In step S1250, the RF model is trained using the updated training data set.

The method comprises the steps of constructing a loss function of an RF model in advance, inputting characteristic information of training samples in a training data set into the RF model, outputting prediction categories of the training samples by the RF model, calculating the loss function according to category labels (for example, a financial KOL user, the category label is 0, but not the financial KOL user, the category label is 1) and the prediction categories of the training samples, optimizing model parameters to minimize the value of the loss function, and performing iteration until a stopping condition is met, such as a preset iteration number is reached, or the size of the loss function meets a preset value.

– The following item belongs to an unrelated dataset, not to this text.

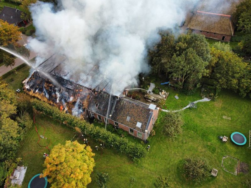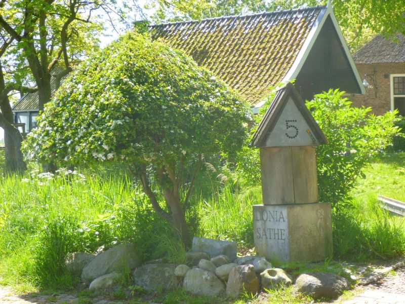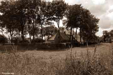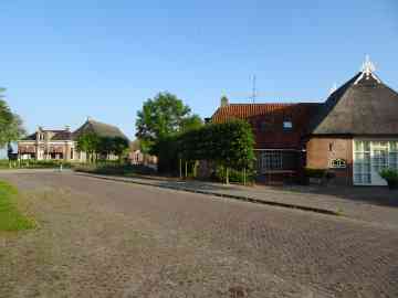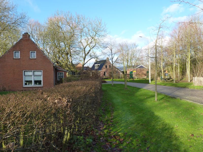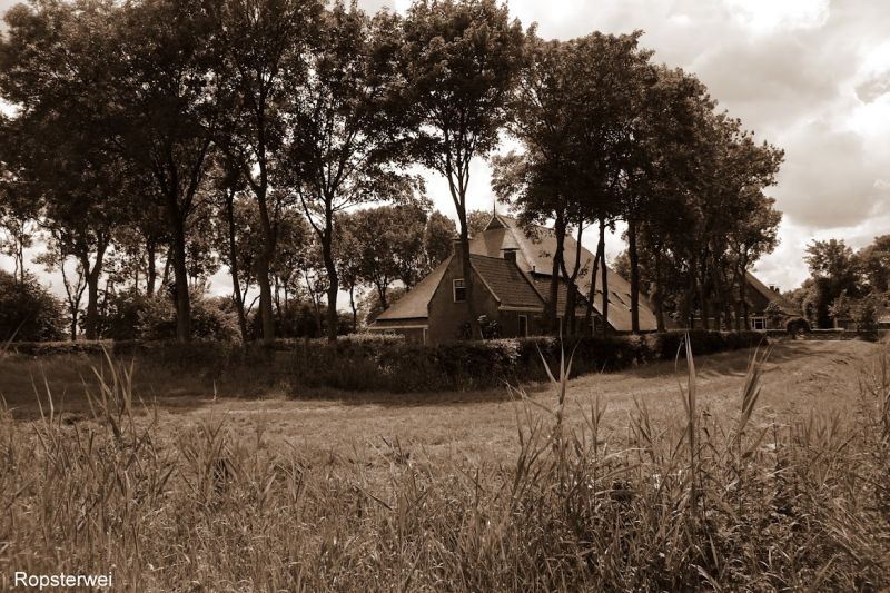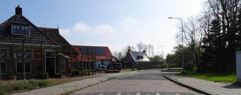 De oude slingerende weg richting Ropta en Mitselwier. Dat slingeren wijst op een hoge ouderdom, mogelijk dat er een oude zeedijk in is te herkennen. Zeker gezien de blokverkaveling ten noorden van deze weg is dat goed mogelijk. De twee woningen die op deze foto te zien zijn, zijn jarenlang bewoond door leden van de familie Jongeling. Het linker huis door Thijs Tjeerds en na hem zijn zoon Sijbe Thijses Jongeling. Sinds lange jaren woont er een Kooistra, eerst Harke en nu zijn zoon Marten Kooistra. Het huis midden op de foto is het voorste stuk van een gardeniersbedrijf, het hoge dak tussen het huis en de boom is het dwarsgeplaatste achterstuk waarin de stal en de schuur waren gevestigd. Het laatst woonde Dirkje Heeringa-Jongeling er, dochter van Ype Jacobs Heeringa (die er ook een fouragehandel dreef) en getrouwd met Tjeerd Sybes Jongeling, voordat zij naar Doktersfiif verhuisde. De woning stond toen jarenlang leeg en verwaarloosde totaal. In 1991 brak Rienk Terpstra alles af, het boerderijgedeelte werd niet meer opgebouwd, het voorhuis verrees in oude stijl. Later werd er een schilderswinkel bij gebouwd op de plek van de oude schuur. Het achterstuk van een boerderij geheel rechts op de foto is van Johannes en Jel Blom-Boersma (Jel was bij de jeugd beter bekend als ‘Beppe Aai’ omdat ze kippen hielden en jarenlang eieren verkochten) aan de Langgrousterwei 15, nu staat daar een keurige woning met daarachter een grote (voormalige timmer-)loods van de familie Solle.

In step S1260, social and financial information of the user to be identified is obtained, and the characteristics of the user to be identified are obtained.

And acquiring social and financial information of the current user to be identified, and constructing the characteristics of the user to be identified according to the social and financial information.

In step S1270, the characteristics of the user to be identified are input to the RF model, and the identification result of whether the user to be identified is a financial KOL user is output.

After the financial KOL users are diffused in step S1240, the RF model is trained, and then the features of the user to be identified are input into the trained RF model, so as to automatically output the identification result of whether the user to be identified is the financial KOL user.

The data processing method provided by the embodiment of the disclosure discloses a scheme for mining financial KOL users by combining improved SMOTE and RF models, and relates to mining of financial high-end users. On one hand, the difference of each characteristic is quantified through statistical analysis based on user information, so that the class label of the training sample is automatically identified, the problem that a large number of training samples need to be manually labeled in the conventional method is solved, manual labeling is reduced, the automatic identification of the financial KOL user in a business scene can be realized, and the method has good operability in industry. On the other hand, a set of more complete preprocessing and feature selection method aiming at the characteristics of the financial KOL data is designed, so that the method is more complete in the links of feature processing such as abnormal values and missing values, and the contribution degree of features to the model is improved. In addition, aiming at the characteristics of financial field users and KOL mining, the improved SMOTE is used for diffusing KOL user groups, the problem that the conventional classification method is not obvious enough in identifying the characteristics of a few types of samples of the KOL due to the fact that the difference between the financial KOL user groups and the common user groups is large is solved, and then the RF model is combined to model and output the classification result of whether the user to be identified is the financial KOL user or not.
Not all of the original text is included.